**Assigned task**:
Extract only the lines from the start of the entries below to the line with "지난 글에서 패턴의 반복횟수를 확인하였다. → 빈도순(L열)", inclusive; omit every picture.

[Stored items]
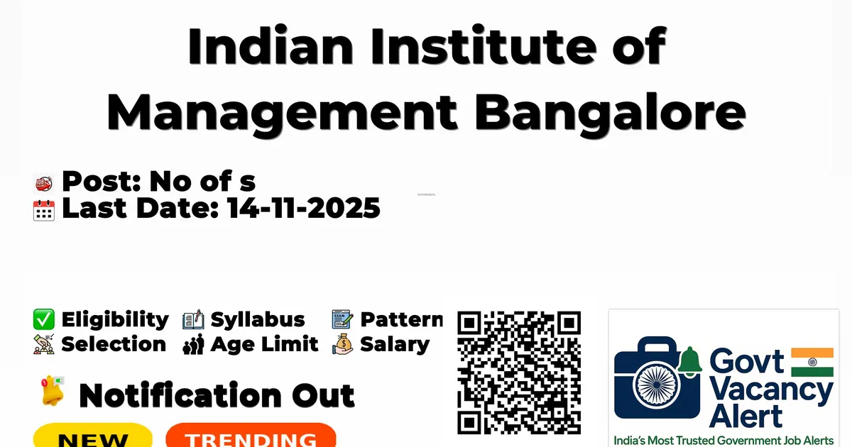Indian Institute of Management Bangalore (IIMB) has released an official notification for the recruitment of Post Doctoral Fellow Posts. Interested and eligible candidates can apply Online through the official IIMB website. The last date to submit the application form is 14-11-2025. In this article, you’ll find the IIMB Post Doctoral Fellow Posts recruitment details, including eligibility criteria, age limit, salary structure, selection process, application steps, and direct links to the official notification and Online application form.
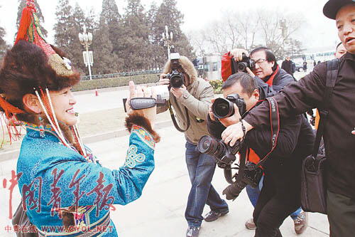 3月7日下午,全国政协十一届三次会议在北京人民大会堂举行第二次全体会议。妇女节将至,全国政协委员、来自青海省海西州乌兰县蒙医医院的菊红花备受摄影记者的关注,她也举起手中DV对着记者们拍摄。
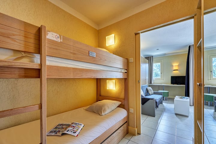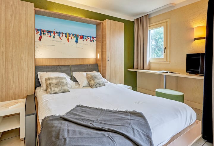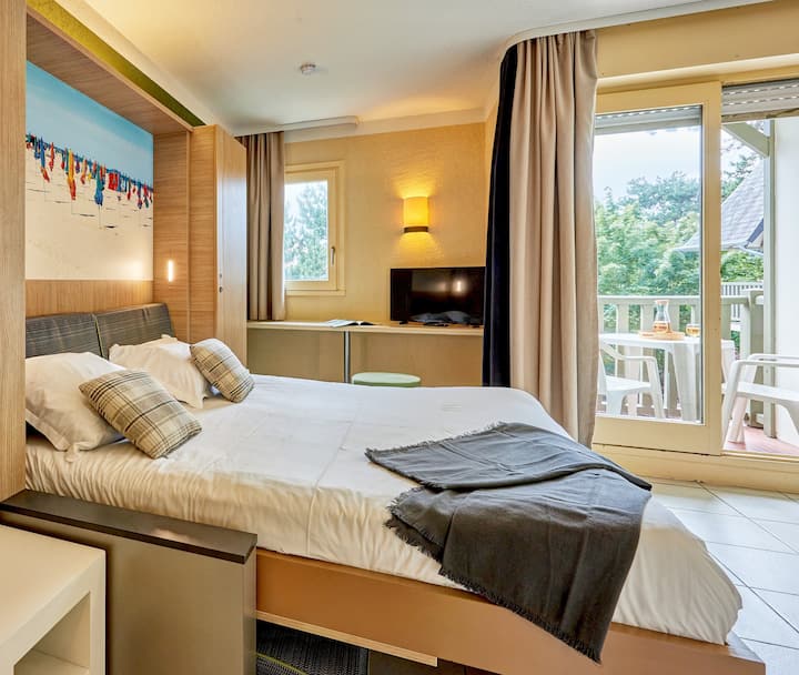 Táto rezidencia sa vyznačuje hrádzovou fasádou typickou pre Normandiu a jej upokojujúcou atmosférou. Ponúka apartmány s modernou a farebnou výzdobou, ideálne na pobyt pre 4 osoby. Ten malý príplatok? Balkón alebo terasa, kde si môžete vychutnať slnko.
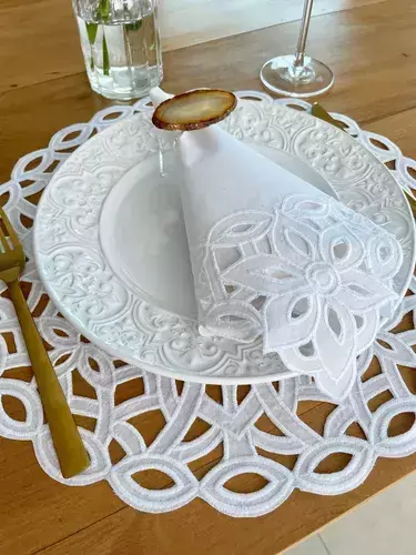 Adicione um toque de sofisticação e delicadeza à sua mesa posta com este lindo guardanapo branco com acabamento em renda. Feito em tecido leve e elegante, é ideal para ocasiões especiais como jantares, brunches, casamentos, batizados ou simplesmente para quem ama uma mesa bem posta no dia a dia.
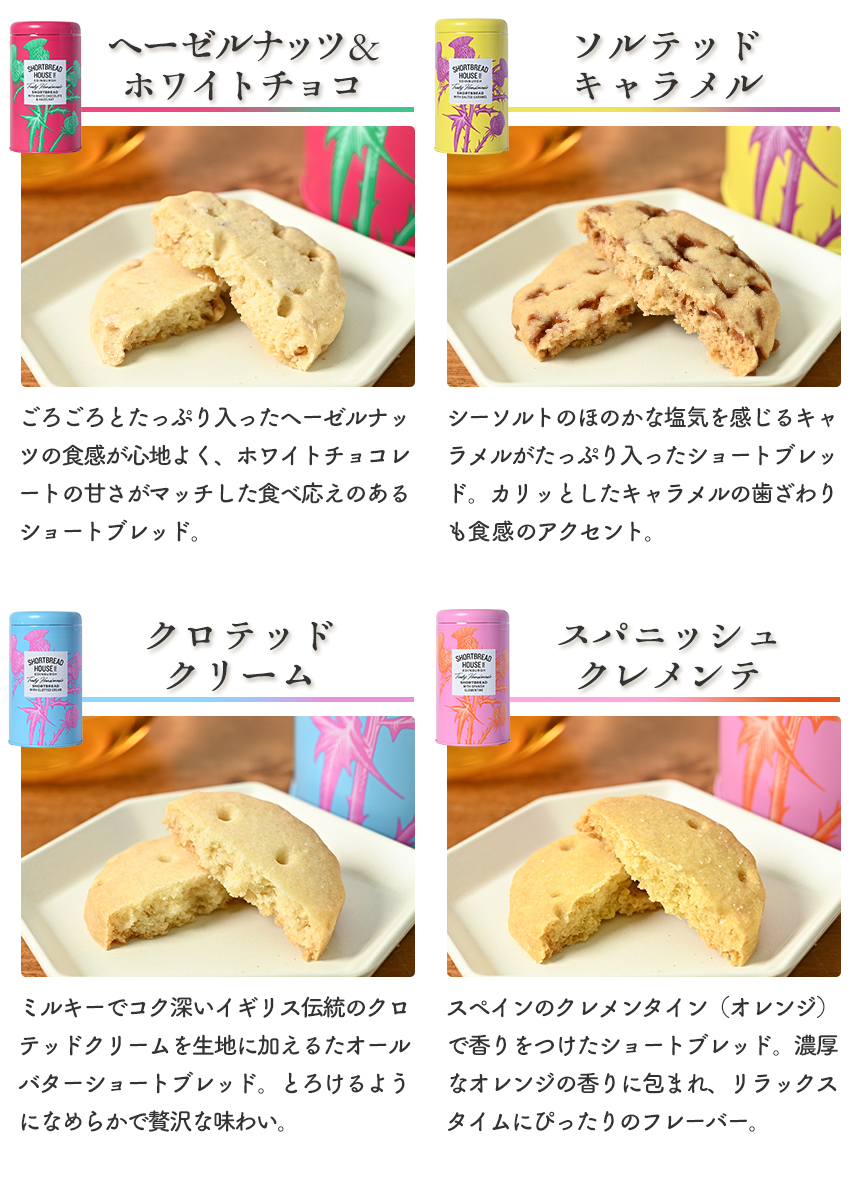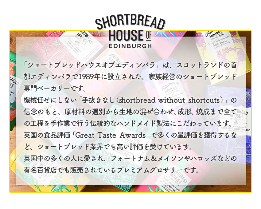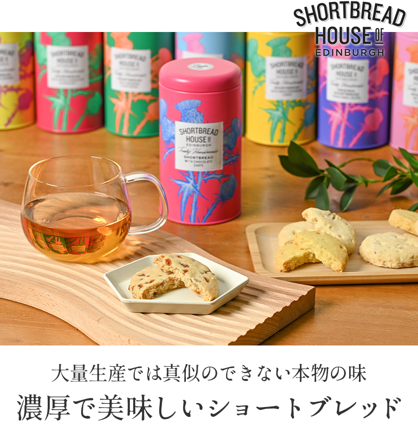 さっくりとした表面に、ほろりとほどける独特の食感、口に入れた瞬間に広がるバターのコクと口どけの良さ。シンプルだからこそ際立つ違いは、本場の味を求める英国菓子愛好家からも高く支持され、ハロッズなどの有名百貨店でも販売されています。
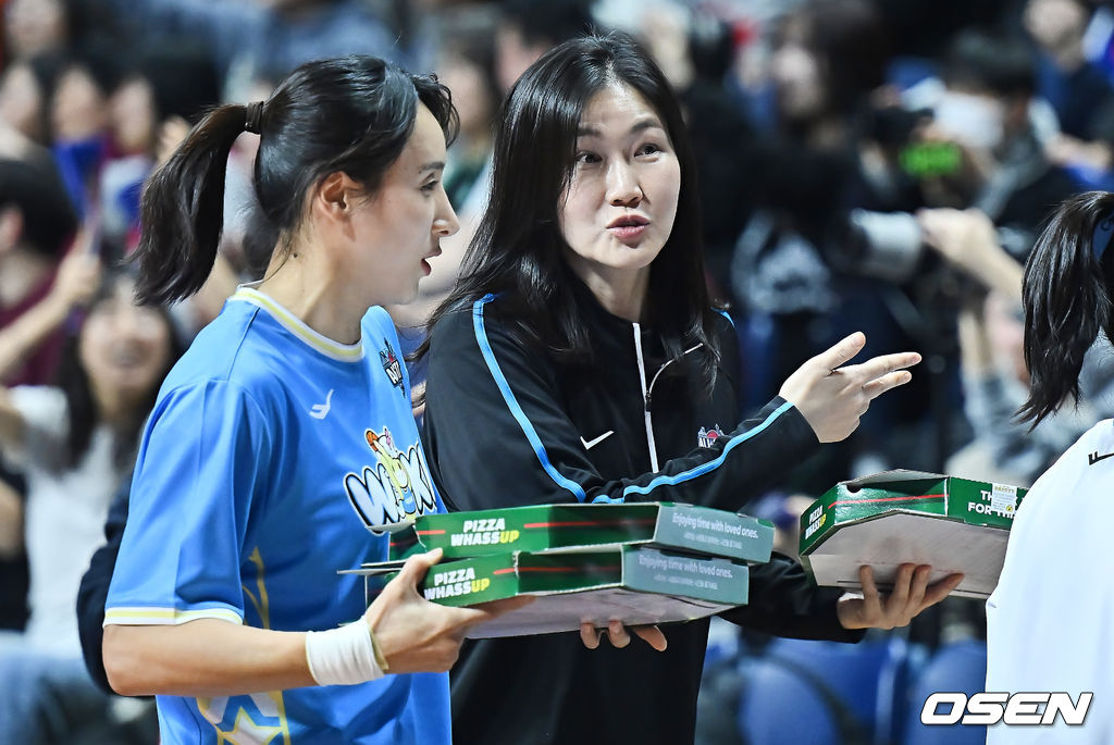 팀 포니블 박정은(BNK)감독과 김단비(우리은행)가 팬들에게 피자배달을 하고 있다. 2026.01.04 / foto0307@osen.co.kr
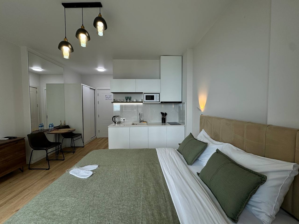 Moderni erdvi aukščiausios klasės studija 17-ame aukšte su nuostabiu vaizdu į jūrą, parką, kalnus ir baseiną. Bute yra viskas, ko reikia patogiai viešnagei: indaplovė, kapsulinis kavos virimo aparatas, skalbimo mašina, skrudintuvas, mikrobangų krosnelė ir kt. Butas yra geriausiame Batumio komplekse su didele teritorija, baseinu, sportu ir žaidimų aikštele kieme, restoranais ir parduotuve. Netoli prekybos centro, kazino, jūros ir parko. Oro uostas yra už 5 minučių kelio automobiliu.
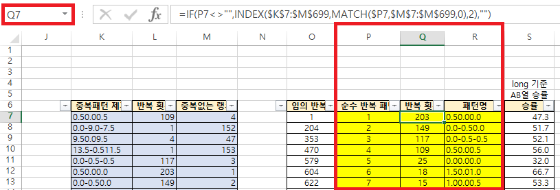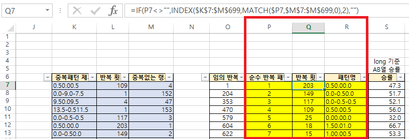 지난 글에서 패턴의 반복횟수를 확인하였다. → 빈도순(L열)
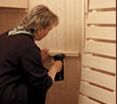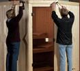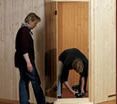 Damit die Wärme beim Saunieren nicht entweichen kann wird nun die Tür eingesetzt und am Rahmen verschraubt.

**Exercise output**:
Indian Institute of Management Bangalore (IIMB) has released an official notification for the recruitment of Post Doctoral Fellow Posts. Interested and eligible candidates can apply Online through the official IIMB website. The last date to submit the application form is 14-11-2025. In this article, you’ll find the IIMB Post Doctoral Fellow Posts recruitment details, including eligibility criteria, age limit, salary structure, selection process, application steps, and direct links to the official notification and Online application form.
 3月7日下午,全国政协十一届三次会议在北京人民大会堂举行第二次全体会议。妇女节将至,全国政协委员、来自青海省海西州乌兰县蒙医医院的菊红花备受摄影记者的关注,她也举起手中DV对着记者们拍摄。
 Táto rezidencia sa vyznačuje hrádzovou fasádou typickou pre Normandiu a jej upokojujúcou atmosférou. Ponúka apartmány s modernou a farebnou výzdobou, ideálne na pobyt pre 4 osoby. Ten malý príplatok? Balkón alebo terasa, kde si môžete vychutnať slnko.
 Adicione um toque de sofisticação e delicadeza à sua mesa posta com este lindo guardanapo branco com acabamento em renda. Feito em tecido leve e elegante, é ideal para ocasiões especiais como jantares, brunches, casamentos, batizados ou simplesmente para quem ama uma mesa bem posta no dia a dia.
 さっくりとした表面に、ほろりとほどける独特の食感、口に入れた瞬間に広がるバターのコクと口どけの良さ。シンプルだからこそ際立つ違いは、本場の味を求める英国菓子愛好家からも高く支持され、ハロッズなどの有名百貨店でも販売されています。
 팀 포니블 박정은(BNK)감독과 김단비(우리은행)가 팬들에게 피자배달을 하고 있다. 2026.01.04 / foto0307@osen.co.kr
 Moderni erdvi aukščiausios klasės studija 17-ame aukšte su nuostabiu vaizdu į jūrą, parką, kalnus ir baseiną. Bute yra viskas, ko reikia patogiai viešnagei: indaplovė, kapsulinis kavos virimo aparatas, skalbimo mašina, skrudintuvas, mikrobangų krosnelė ir kt. Butas yra geriausiame Batumio komplekse su didele teritorija, baseinu, sportu ir žaidimų aikštele kieme, restoranais ir parduotuve. Netoli prekybos centro, kazino, jūros ir parko. Oro uostas yra už 5 minučių kelio automobiliu.
 지난 글에서 패턴의 반복횟수를 확인하였다. → 빈도순(L열)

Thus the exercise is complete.